- Education: Electrical engineering Master's degree in 1997 Ph.D. in 2001
- Alma mater: University of the Philippines Diliman Purdue University

= Jennifer Dy =

Filipino-American computer scientist

Jennifer Guani Dy is a Filipino-American computer scientist specializing in machine learning, with varied applications including the physiological effects of emotion, and the effects of the El Niño–Southern Oscillation on weather patterns. She is a COE Distinguished Professor at Northeastern University in Boston.

==Education and career==
Dy was an electrical engineering student at the University of the Philippines Diliman, where she graduated magna cum laude in 1993. After working for two more years as an instructor at the University of the Philippines, she came to the US for graduate study in electrical and computer engineering at Purdue University. She earned a master's degree in 1997, with a research project supervised by Jan P. Allebach, and completed her Ph.D. in 2001, advised jointly by Carla Brodley and Avinash Kak.
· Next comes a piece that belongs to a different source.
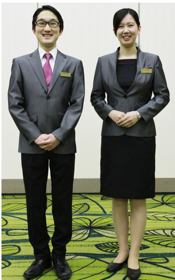
グレーと黒のブレザータイプ

She became an assistant professor at Northeastern University in 2002, was promoted to associate professor in 2008, and became full professor in 2015, jointly appointed in the Department of Electrical and Computer Engineering and the Khoury College of Computer Sciences. She is the director of experiential AI postdoc education in the Roux Institute, and director of AI faculty in the Institute for Experiential AI.

==Recognition==
Dy was named a Fellow of the Association for the Advancement of Artificial Intelligence in 2024, "for significant contributions to unsupervised and interpretable machine learning, advancing AI to address health care challenges, and service to the AI community".